Ce qui semble être une déclaration précoce dans la bouche d’une jeune fille de 13 ans, n’est pas du tout inhabituel chez les Futornick. Quand on leur demande ce qu’ils ont fait de particulier pour élever des enfants aussi spéciaux, le père de Shira, Bill Futornick, a eu une réponse simple.

« Il suffit de vivre dans la région de la baie de San Francisco », a-t-il dit sèchement.

Malgré la réponse ironique, Futornick a fièrement expliqué que le projet de sa fille s’inscrit dans une initiative de tzedaka pour tous les jeunes bar-mitsva et bat-mitsva de la communauté de Beth Jacob de Redwood City, en Californie.
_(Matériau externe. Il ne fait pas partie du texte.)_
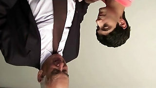 Young brunette licks grandpa all over and pulverizes him

Bill Futornick attribue le mérite au rabbin Nethaniel Ezray, dirigeant de la communauté, qui a aidé les très jeunes adultes juifs à placer au premier plan les actes de bonté. Ezray, dit-il, propose une tribune non-partisane, depuis laquelle la communauté entière, indépendamment de leurs tendances politiques, peuvent soutenir Israël, une autre valeur importante pour les Futornick.

Il a ajouté que sa communauté n’est pas la seule de San Francisco à tenter de faire une différence.

Des étudiants au travail à l'institut Arava (Autorisation)

Des étudiants au travail à l’institut Arava (Autorisation)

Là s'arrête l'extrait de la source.